This article gives an overview of the textile printing industry. It discusses the various printing methods and briefly touches on their advantages and disadvantages.
Digital Printing encompasses all printing techniques that use some form of computerized technology. In general, no screens of any kind are used. The most common forms of digital printing related to heat cured printing are:
- Dye sublimation printing
- Direct disperse printing
Dye Sublimation Printing
Dye sublimation is a process by which the pattern is printed with disperse dyes (ink) onto transfer paper. Once the paper is printed, the (polyester) fabric and paper are run through a calender or heat press.
The high heat on the paper turns the dye into a gas, which is sublimated onto the fabric. When heated, the polymers in the polyester bond with the gaseous dye, creating graphics that are completely embedded into the fabric.
Advantages of Dye Sublimation
- Photographic quality detail.
- Uses little water – does not hurt the environment.
- Unlimited color capability.
- Excellent hand.
Why use Dye-Sublimation Heat Transfer Printing?
- Dye sublimation heat transfer printing technology can be utilized on far more polyester fabrics than direct disperse printing.
- Since direct disperse printing requires fabrics to be pretreated with a print receptive coating, selection of fabrics is limited.
- Dye sublimation can be utilized on uncoated and fabrics coated for direct disperse printing.
- TVF has a large amount of polyester Apparel & Home Decor fabrics which can lead to new business opportunities through dye sublimation heat transfer printing and expanded product printing capabilities.
Disadvantages of Dye Sublimation
- Too costly for large runs.
- Problems will occur if fabric is not profiled properly.
- 100% polyester.
- Polyester blends with at least 60% polyester.
Microlux Soft is our Premium Backlit Fabric
- Microlux Soft can be printed on either side for a different look and feel.
- Silicone edges are sewn onto finished prints, creating Silicone Edge Graphics (SEGs).
- Finished prints are snapped into grooves in backlit frame systems with LED lights around the perimeter to illuminate the graphic.
- Our print receptive coating disperses the LED light across the graphic providing a brilliant image to draw attention.
- Microlux Soft is knitted with microfiber which makes the fabric very soft and plush on one side with a smooth, textured finish on the other.
- It has a stable dimensional stretch so it can fit tightly in frames without wrinkling or sagging.
- Backlit or lightbox applications are very popular for trade show exhibits, retail displays, and event backdrops due to the brilliant images provided.
Direct Disperse Printing
Direct disperse printing uses a disperse coating that eliminates the need for transfer paper. After the fabric is coated during manufacturing, the digital printer prints the design directly onto the fabric. Once it is printed the fabric is put through the calender/heat press to bloom the design and to set the color.

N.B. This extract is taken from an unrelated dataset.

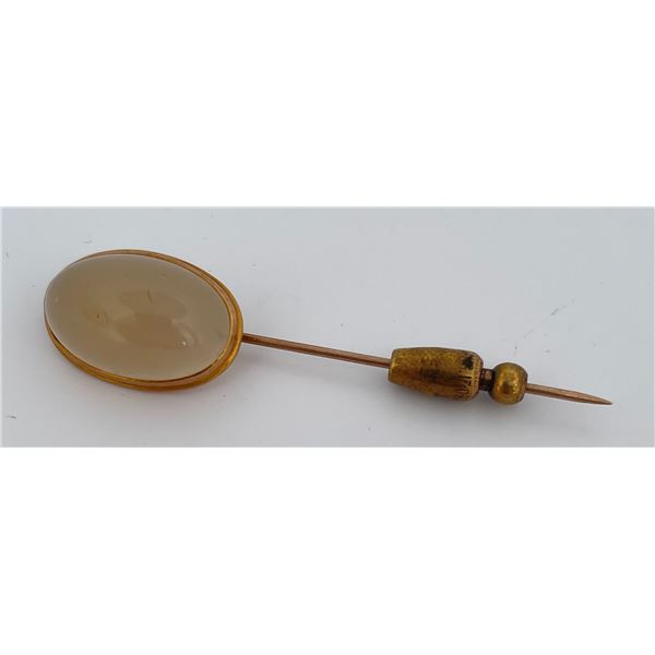 14K Gold White Jade Stick Pin45 - 14K Gold White Jade Stick Pin

What does it mean to “bloom the design”?
When the color is first printed on the fabric, it is dull. There is no vibrancy to the print; the color is not set. However, when heat is applied the true color and vibrancy emerge.
Advantages of Direct Disperse Printing
- Paper is not needed.
- Could be less expensive depending on application.
- Faster process due to less steps.
Disadvantages of Direct Disperse Printing
- Less clarity and detail than dye sublimation.
- Issues can arise if the disperse pre-treatment clear coating is not applied correctly or isn’t consistent across the width of the fabric, which can result in inconsistent prints.
Best Substrates for Direct Disperse Printing
- 100% polyester.
- Polyester blend (at least 60% polyester).
TVF Premium Flag Fabric: Flag 6043KFL
Flag 6043KFL is one of TVFs premium flag fabrics. The optimal way to print flags for excellent front-to-back color penetration is by using the direct disperse print method.
- Flag 6043KFL is a warp knit, open mesh polyester.
- Durable for outdoor environments.
- This fabric is optic white with a print receptive coating to control ink on the fabric while providing excellent print through.
- Available up to 16 feet wide.
- Perfect for flags, large outdoor banners, as well as building wraps
There are two main types of heat printing, dye sublimation and direct disperse. Both require polyester fabrics. Dye sublimation requires transfer paper and can achieve photo-quality details. Direct disperse printing does not use paper but requires a coating for the fabric and is ideal for flags, banners, and building wraps that do not require as much visual detail.